As shown in fig. 1, this embodiment provides a multistage multiple heat source evaporative hot fresh water preparing apparatus, including: a first heat exchanger 2 provided with an external raw material liquid inlet 2-4 for inputting a raw material liquid;

a raw material liquid inlet 3-2 of the second heat exchanger 3 is communicated with a raw material liquid outlet 2-1 of the first heat exchanger 2; a first heat source inlet is arranged on the second heat exchanger 3 or the first heat exchanger 2 and is communicated with a heat source inlet 3-1 of the second heat exchanger 3 or a heat source inlet 2-2 of the first heat exchanger 2; a raw material liquid inlet 1-2 of each stage of evaporator 1 is communicated with a raw material liquid outlet of the second heat exchanger 3; the Nth-stage evaporator 1 is provided with a second heat source inlet which is communicated with a heat source inlet 1-1 of the Nth-stage evaporator.

A steam outlet 1-3 of an M-th-stage evaporator 1 in the N-stage evaporator 1 is communicated with a heat source inlet 1-1 of the M-1-th-stage evaporator 1; wherein N is more than or equal to M and more than 1, and M and N are integers.

The multistage multiple heat source evaporation type hot fresh water preparation device of the invention can also comprise: a heater 4 of a stage N-1, wherein a condensed water inlet 4-2 of the heater 4 of the stage M-1 in the heater 4 of the stage N-1 is communicated with a condensed water outlet 1-4 of the evaporator 1 of the stage M-1; the fresh water inlet 4-3 of the heater 4 of the M-1 stage is communicated with the fresh water outlet 4-4 of the heater 4 of the M-2 stage;

a steam inlet 4-1 of the heater 4 of the M-1 th stage is communicated with a secondary steam outlet 1-3 of the M-stage evaporator 1; a fresh water outlet of the N-1 th-level heater 4 is communicated with a heat supply pipe network; wherein N is more than or equal to M and more than 2.

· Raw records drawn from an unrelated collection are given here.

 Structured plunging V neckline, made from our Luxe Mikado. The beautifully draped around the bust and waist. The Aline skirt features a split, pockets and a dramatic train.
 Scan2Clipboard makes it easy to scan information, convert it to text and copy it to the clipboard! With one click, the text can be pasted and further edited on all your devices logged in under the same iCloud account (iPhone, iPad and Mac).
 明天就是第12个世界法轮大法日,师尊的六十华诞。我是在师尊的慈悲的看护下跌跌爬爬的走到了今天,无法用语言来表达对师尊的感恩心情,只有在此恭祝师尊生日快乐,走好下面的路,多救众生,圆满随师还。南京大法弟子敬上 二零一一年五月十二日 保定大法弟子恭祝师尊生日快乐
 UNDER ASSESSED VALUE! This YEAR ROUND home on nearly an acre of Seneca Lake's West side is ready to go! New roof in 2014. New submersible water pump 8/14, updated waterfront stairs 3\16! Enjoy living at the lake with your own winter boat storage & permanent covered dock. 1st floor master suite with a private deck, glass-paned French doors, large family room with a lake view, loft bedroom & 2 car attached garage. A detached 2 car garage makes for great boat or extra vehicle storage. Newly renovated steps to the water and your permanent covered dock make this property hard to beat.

The multistage multiple heat source evaporation type hot fresh water preparation device of the invention may further comprise: the N-1 stage preheater 5, the N-1 stages of the preheaters 5 are connected in series, and a steam inlet 5-1 of an M-1 stage preheater 5 in the N-1 stage of the preheaters 5 is communicated with a secondary steam outlet 1-3 of the M stage evaporator 1;

a condensed water outlet 5-2 of the preheater 5 of the Mth stage is communicated with a condensed water inlet 4-2 of the heater 4 of the Mth stage;

a raw material liquid inlet 5-3 of the preheater 5 of the 1 st stage is communicated with the second heat exchanger 3 and a raw material liquid outlet 3-3;

the raw material liquid outlet 5-4 of the preheater 5 of the M-1 th stage is respectively communicated with the raw material liquid inlet 5-3 of the preheater 5 of the M-th stage and the raw material liquid inlet 1-2 of the evaporator 1 of the M-th stage.

In the evaporators 1 from the 2 nd stage to the Nth stage, concentrated solution outlets 1-5 of the evaporators 1 of the M-th stage are communicated with concentrated solution inlets 1-6 of the evaporators 1 of the M-1 st stage.

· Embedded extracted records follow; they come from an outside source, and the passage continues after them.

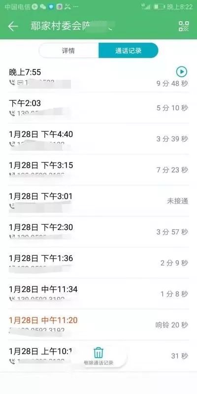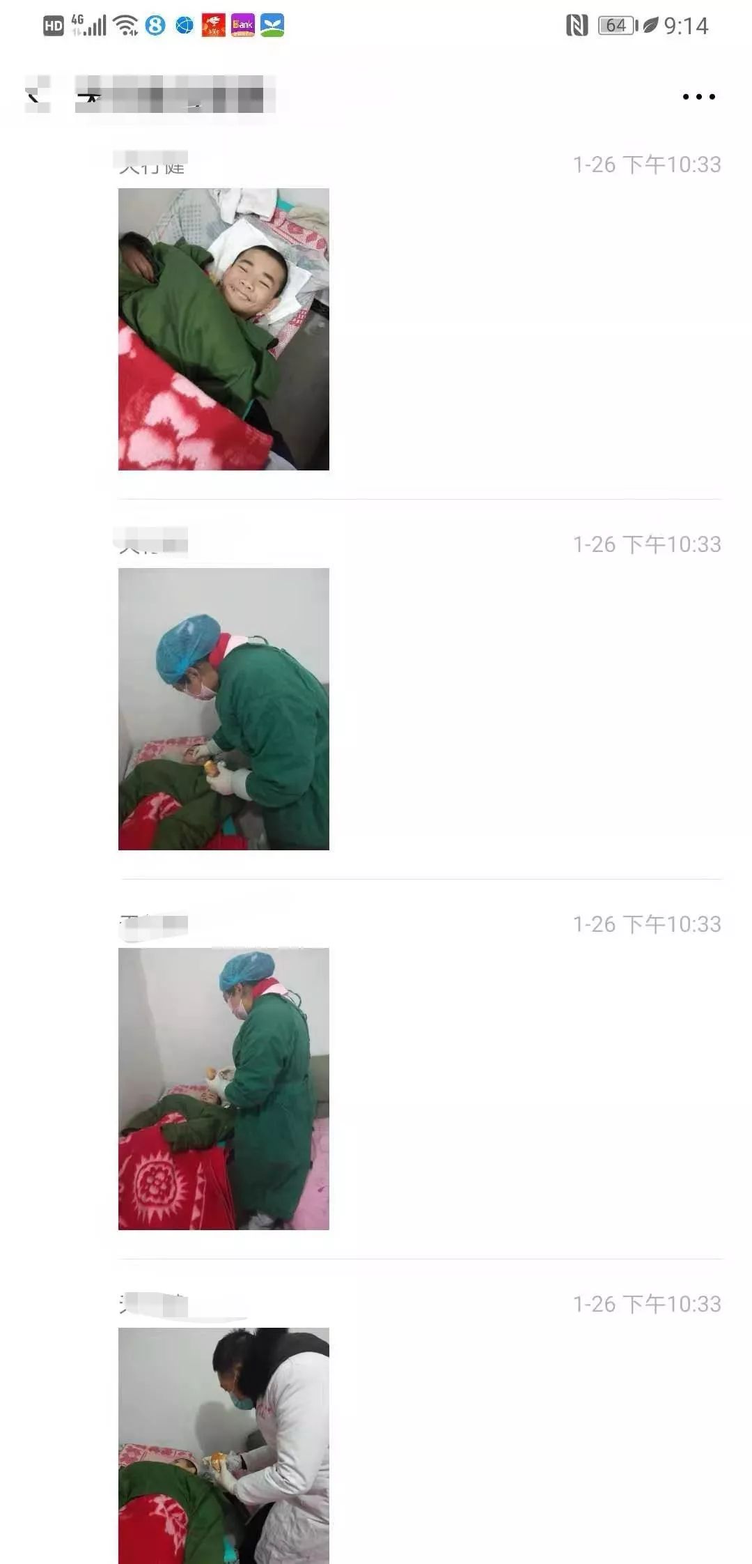 鄢小文与村委会陈主任通话截图 而在今天中午12点35分左右,朱文沁还在微信上看到了华家河镇卫生院院长发来的几张照片,上面显示,两名穿着防护服的人正抬着在躺在担架里的鄢成。
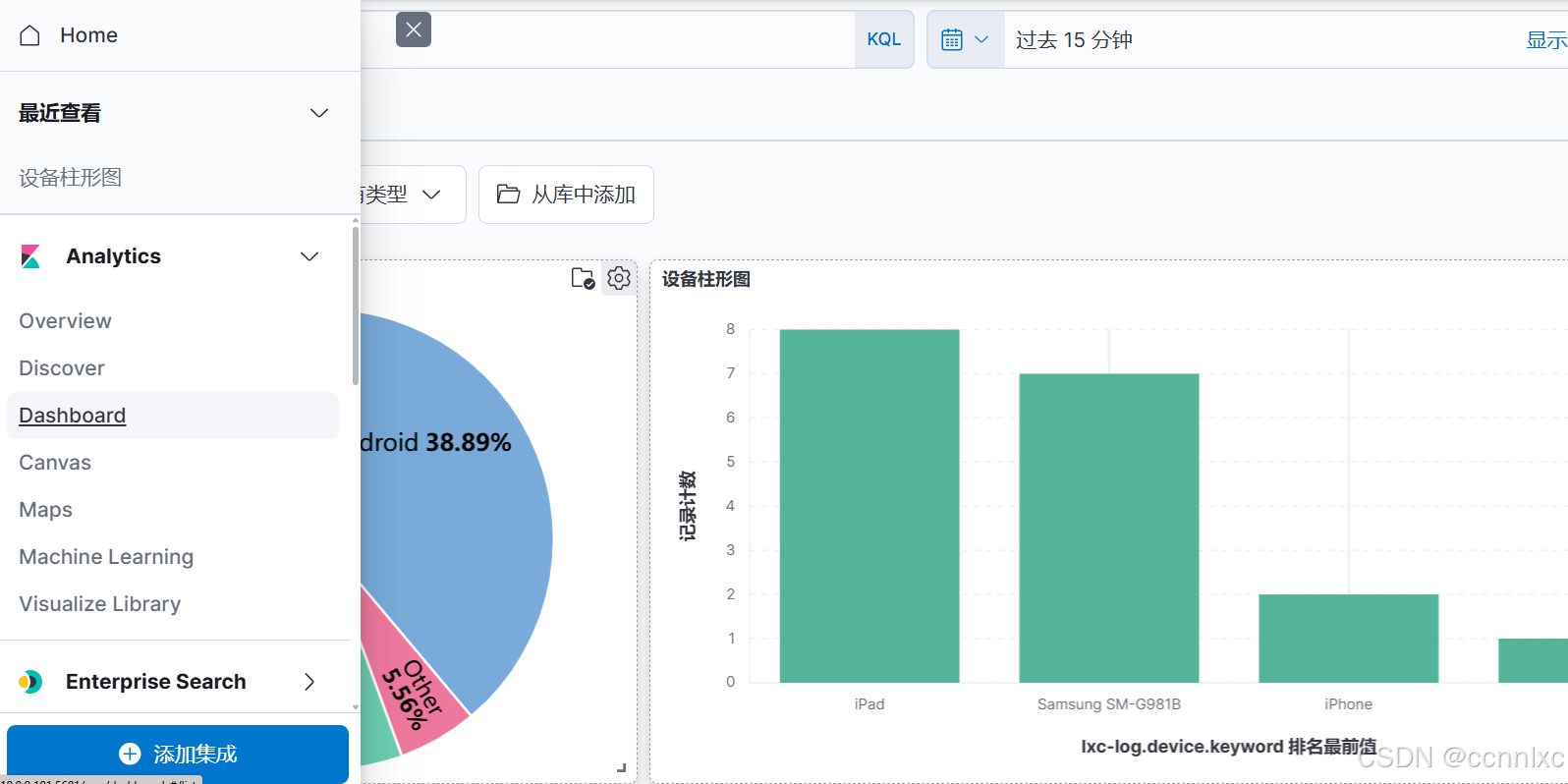 3.采集之后便可以在kibana创建仪表板(可以先添加到Visualize 库,再添加到仪表板)
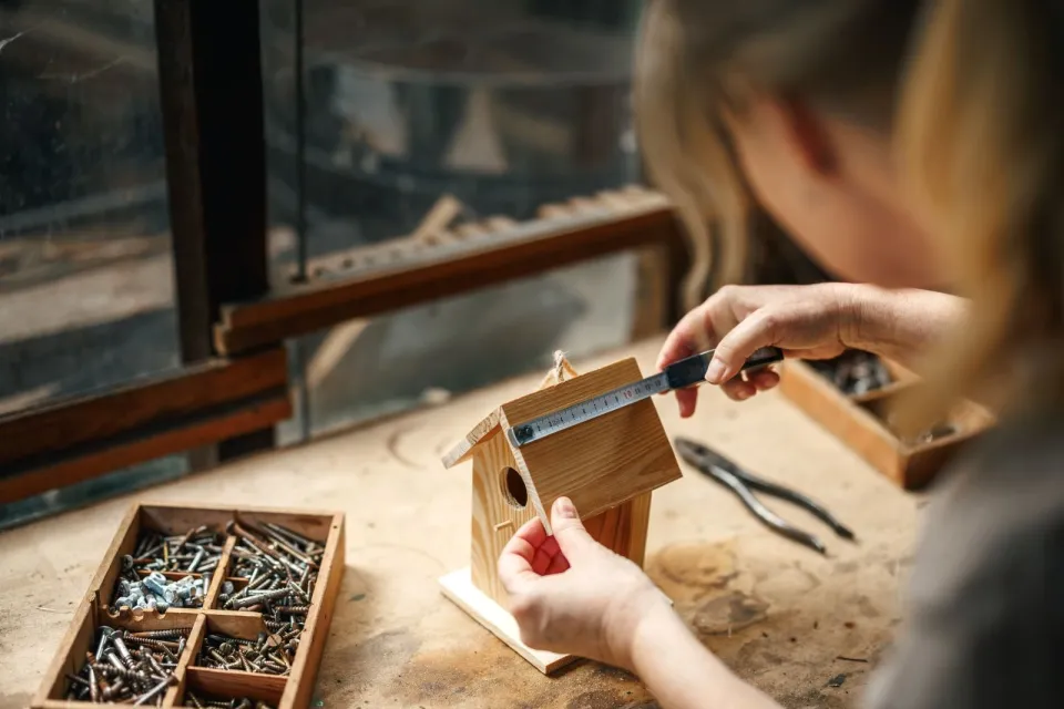 Hotovou ptačí budku zkontrolujte metrem a vodováhou

The evaporator 1 includes: the spraying part is communicated with a raw material liquid inlet 1-2 of the evaporator 1; a heating part communicating with a heat source inlet 1-1 of the evaporator 1; the liquid blocking part is arranged above the spraying part.

Heating steam of the N-th stage evaporator 1 in the N-th stage evaporator 1 comes from high-grade driving steam generated by an external heat source, the high-grade driving steam is condensed in the N-th stage evaporator 1, and the generated condensed water flows out from a condensed water outlet 1-4 and returns to the heat source to regenerate the high-grade driving steam.

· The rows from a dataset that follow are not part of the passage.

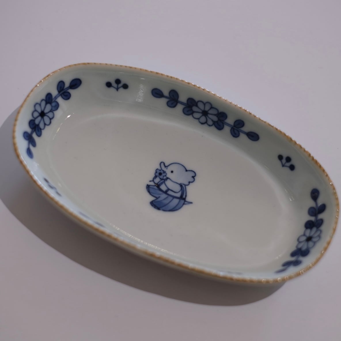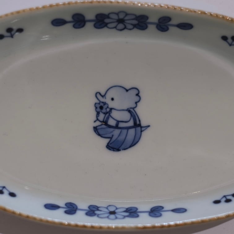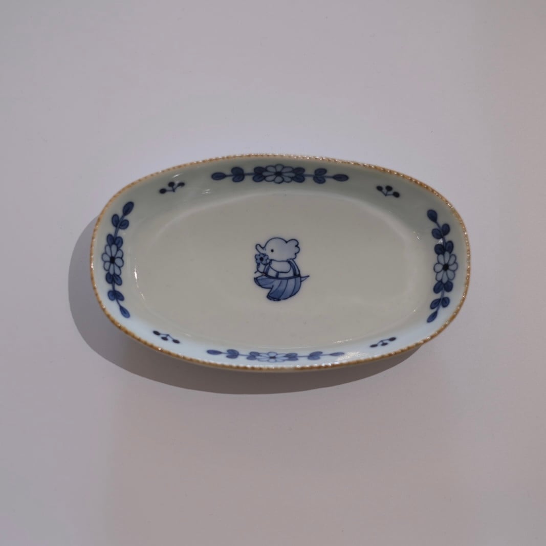 花模様と小さな動物たちが描かれた染付のうつわ。
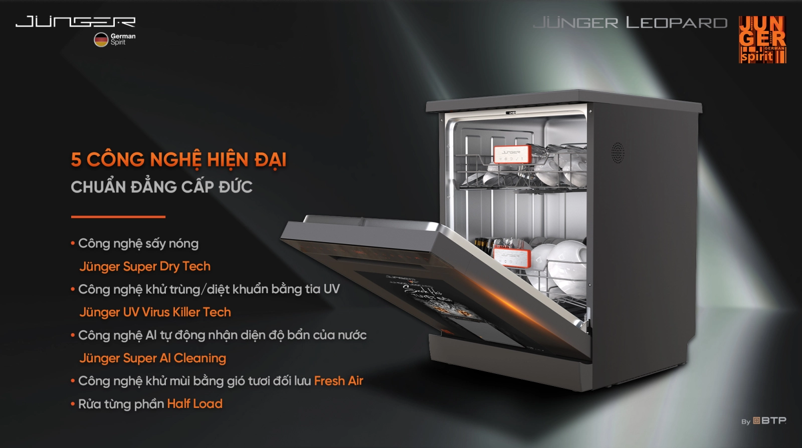 Junger Leopard DWJ-143 tích hợp 5 công nghệ tiên tiến để đảm bảo bát đĩa luôn "Sạch Khô Tuyệt Đối":
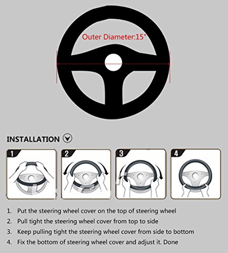 Suitable for middle-size steering wheels with diameter 14 1/2 inch to 15 inch(37cm to 39cm)
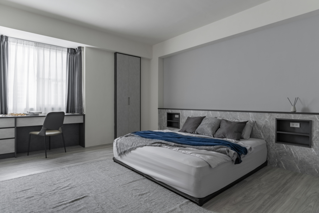 公共空間及主臥室走冷灰色調,小孩房分別為清新森林風及燕麥色系。
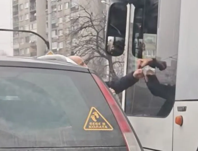 На видео, разпространено от Цветомир Митев във Facebook, се вижда как водач се опитва да се разправи с шофьор от градския транспорт.
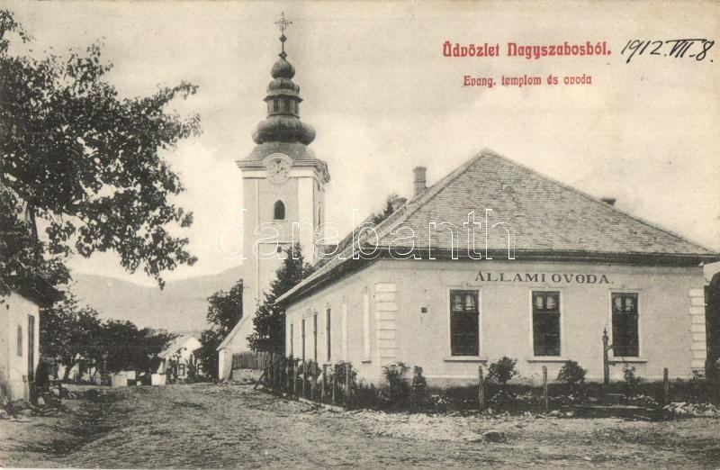 Nagyszabos, Nagyszlabos, Slavosovce; Evangélikus templom és óvoda, utc... https://www.darabanth.com/de/292-Fernauktion/292.0/Ansichtskarten/Slowakei~300007/Nagyszabos-Nagyszlabos-Slavosovce-Evangelikus-templom-es-ovoda-utcakep-church-and-kinderga~II1542617

In the N-stage evaporator 1, except for the N-stage evaporator 1, heating steam (heat source) of the M-1-stage evaporator 1 comes from secondary steam generated by the M-stage evaporator 1, the heating steam is condensed in the M-1-stage evaporator 1, and the generated condensed water is converged with the condensed water generated by the M-1-stage preheater 5 and enters the M-1-stage heater 4 together.

The secondary steam generated by the evaporator 1 of the nth stage of the evaporators 1 of the N stages comes completely from the evaporation of the raw material liquid.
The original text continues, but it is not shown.